SMR drives are divided into zones (typically in the range of 256MB
each) that fall into three general categories:
- Conventional
- These are also known as Non Write Pointer zones. These zones can be
randomly written without an unexpected performance penalty.
- Sequential Preferred
- These zones should be written sequentially starting at the write pointer
for the zone. They may be written randomly. Writes that do not conform to
the zone layout may be significantly slower than expected.
- Sequential Required
- These zones must be written sequentially. If they are not written
sequentially, starting at the write pointer, the command will fail.
-c
cmd
- Specify the zone subcommand:
- params
- Display device parameters, including the type of device (Drive
Managed, Host Aware, Host Managed, Not Zoned), the zone commands
supported, and how many open zones it supports.
- rz
- Issue the Report Zones command. All zones are returned by default.
Specify report options with
-o and printing
options with -P . Specify the starting LBA with
-l . Note that “reportzones” is
also accepted as a command argument.
- open
- Explicitly open the zone specified by the starting LBA.
- close
- Close the zone specified by starting LBA.
- finish
- Finish the zone specified by the starting LBA.
- rwp
- Reset the write pointer for the zone specified by the starting
LBA.
-a
- For the Open, Close, Finish, and Reset Write Pointer operations, apply the
operation to all zones on the drive.
-l
lba
- Specify the starting LBA. For the Report Zones command, this tells the
drive to report starting with the zone that starts at the given LBA. For
the other commands, this allows the user to identify the zone requested by
its starting LBA. The LBA may be specified in decimal, hexadecimal or
octal notation.
-o
rep_opt
- For the Report Zones command, specify a subset of zones to report.
- all
- Report all zones. This is the default.
- emtpy
- Report only empty zones.
- imp_open
- Report zones that are implicitly open. This means that the host has
sent a write to the zone without explicitly opening the zone.
- exp_open
- Report zones that are explicitly open.
- closed
- Report zones that have been closed by the host.
- full
- Report zones that are full.
- ro
- Report zones that are in the read only state. Note that
“readonly” is also accepted as an argument.
- offline
- Report zones that are in the offline state.
- reset
- Report zones that the device recommends should have their write
pointers reset.
- nonseq
- Report zones that have the Non Sequential Resources Active flag set.

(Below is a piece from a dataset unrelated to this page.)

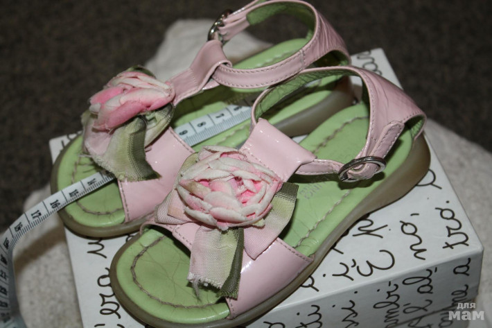 Очень нежные босоножки. Состояние на фото, на мой взгляд, хорошее. Из явных нюансов - несколько трещинок на ремешке. Приоритет берущему вместе с идеально подходящим платьем Лаура Эшли , размер 3 года. Состояние отличное. Всё вместе отдам за 2500.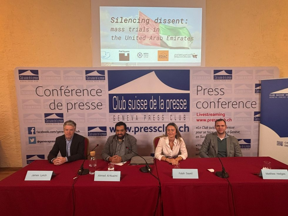 On 2 October, FairSquare’s James Lynch moderated Silencing dissent: mass trials in the United Arab Emirates, a panel discussion at the Geneva Press Club, featuring Emirati human rights defenders and experts.

These are zones that are Sequential Write Preferred, but have been
written non-sequentially.
- nonwp
- Report Non Write Pointer zones, also known as Conventional zones.
-P
print_opt
- Specify a printing option for Report Zones:
- normal
- Normal Report Zones output. This is the default. The summary and
column headings are printed, fields are separated by spaces and the
fields themselves may contain spaces.
- summary
- Just print the summary: the number of zones, the maximum LBA (LBA of
the last logical block on the drive), and the value of the
“same” field. The “same” field describes
whether the zones on the drive are all identical, all different, or
whether they are the same except for the last zone, etc.
- script
- Print the zones in a script friendly format. The summary and column
headings are omitted, the fields are separated by commas, and the
fields do not contain spaces. The fields contain underscores where
spaces would normally be used.
zonectl -d /dev/da5 -c params
Display basic zoning information for disk da5.
zonectl -d /dev/da5 -c rz
Issue the Report Zones command to disk da5, and print out all
zones on the drive in the default format.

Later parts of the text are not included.